A review by tominaz
Going After Cacciato by Tim O'Brien

4.0

I think some of the other reviewers of Cacciato have forgotten or ignored the enormous challenges that confronted O'Brien in writing a war novel in general and a semi-autobiographical "Vietnam" novel in particular. First there would have been the tremendous difficulty in seamlessly including the autobiographical material to accomplish the necessary verisimilitude. There also would have been the difficulty of coming at the themes of war both obliquely and directly - in a way that honors the tremendous complexity of why war exists and its diffuse meanings viewed through the lens of culture and social expectation yet one that also yawps furiously and unflinchingly at its human costs as well as the immediate and real personal tragedy the Vietnam war inflicted on the author (distilled incredibly in his story "On the Rainy River" from [book: The Things They Carried]). O'Brien overcomes these challenges with admirable and readable finesse as well as with great feeling and compassion.
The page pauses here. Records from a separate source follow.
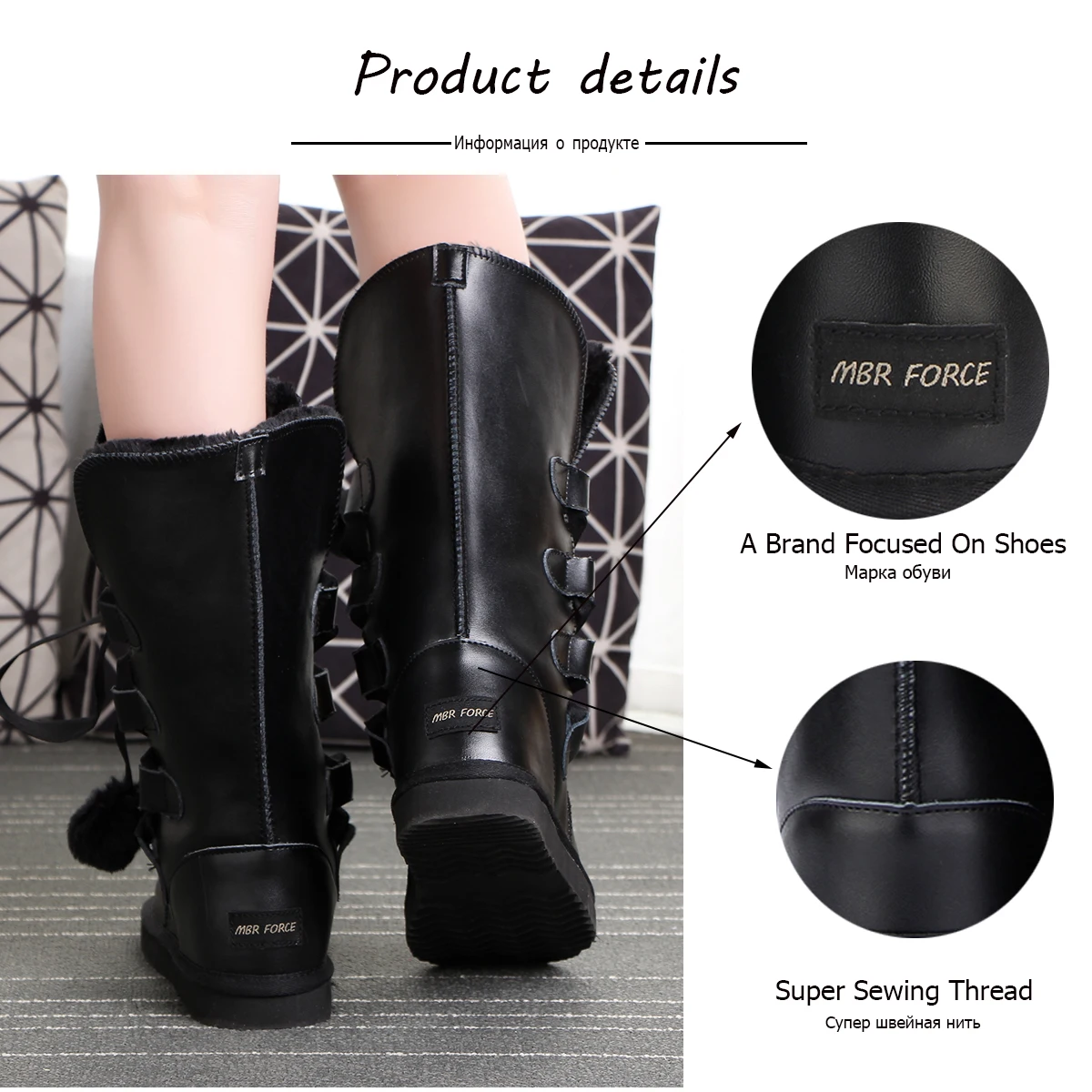 MBR FORCEклассические женские зимние сапоги; Кожаная зимняя обувь; bota feminina botas mujer zapatos; Женские водонепроницаемые зимние сапоги
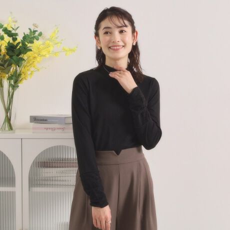 袖口部分はシアー感のあるジャカード素材を使用しており、凹凸感のある表面が特徴。
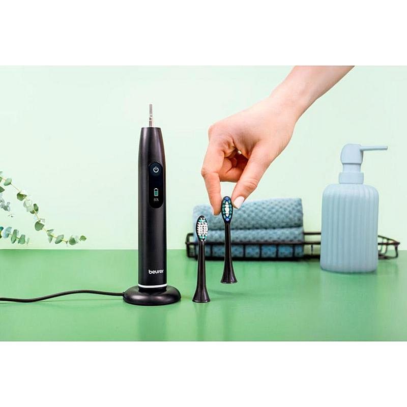 Sonický kartáček Beurer s 5 programy, tlakovým senzorem a výdrží baterie až 22 dní na jedno nabití.
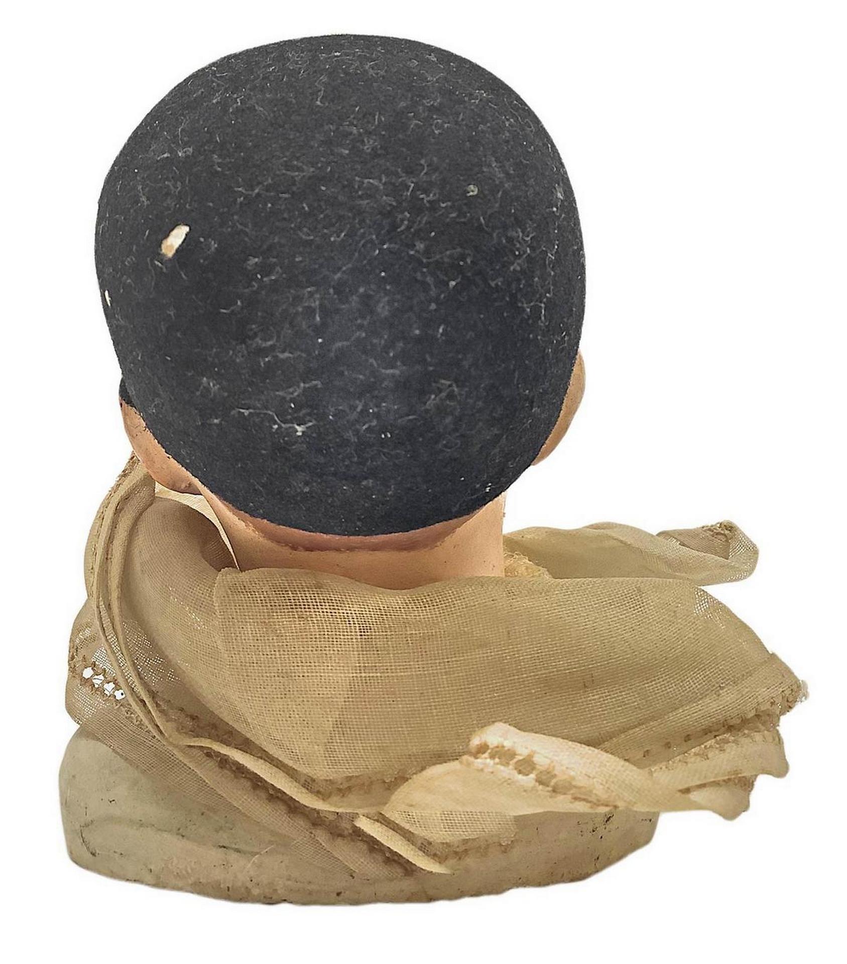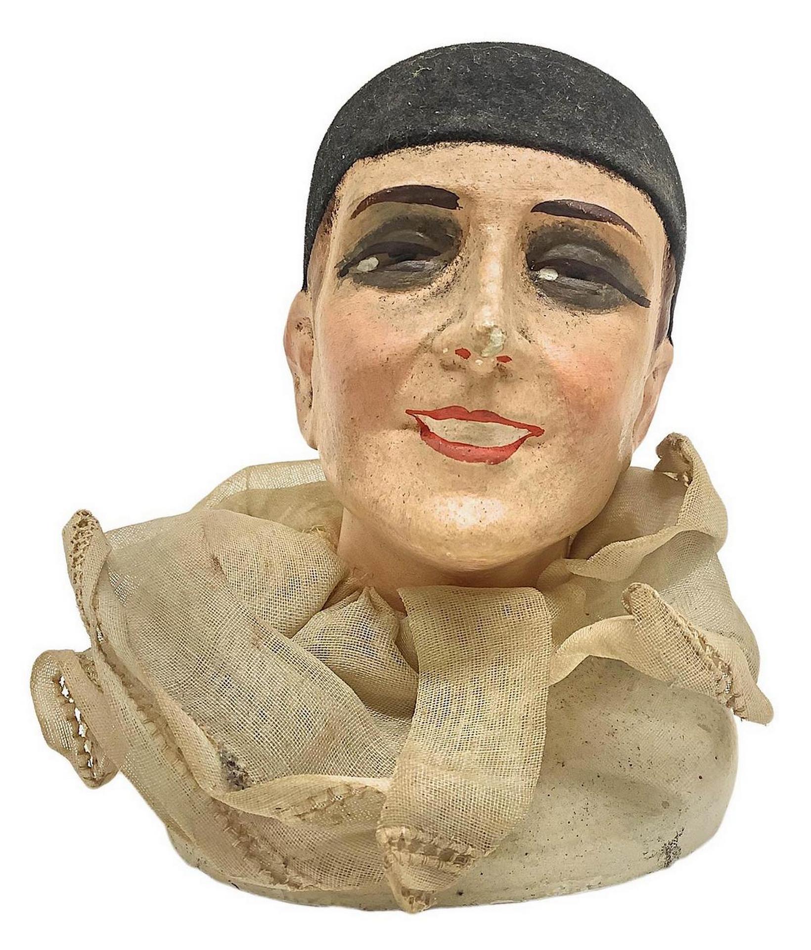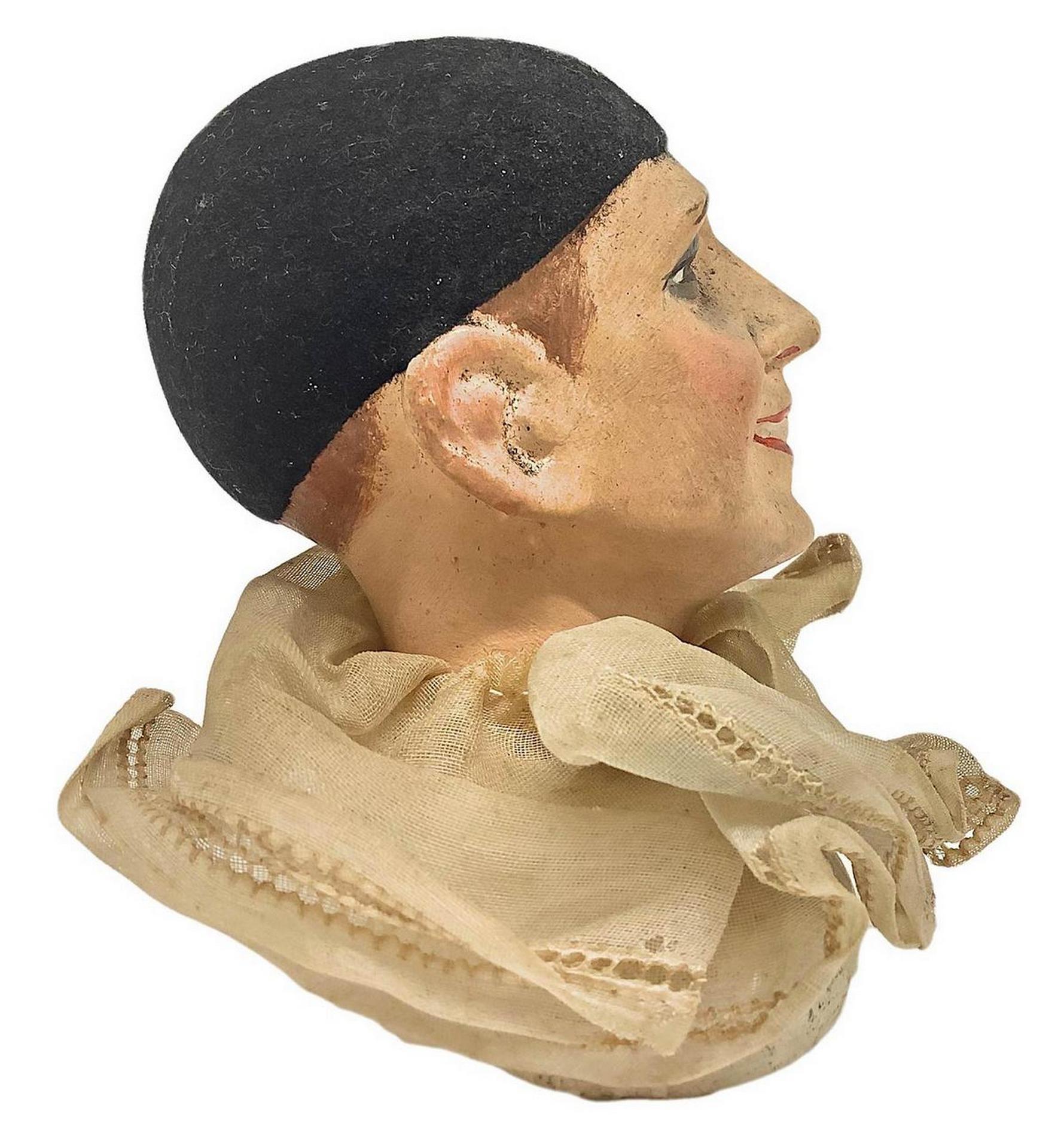 Mezzobusto in gesso policromo raffigurante Pierrot, inizi XX secolo. Con bavero in tulle. H cm 10

It is difficult for me to imagine how generic, structural, or stylistic changes to the novel might have resulted in a more artful or polished work without simultaneously forfeiting either the book's acid truths or deeply perceptive thematic nuance. I believe Cacciato to be as readable, moving, and important a soldier's testament to war as either [author: Joseph Heller]'s [book: Catch-22] or [author: Kurt Vonnegut]'s [book: Slaughterhouse Five] and infinitely more satisfying than the perhaps more polished and artful Vietnam novel [book: Dog Soldiers] by [author: Robert Stone].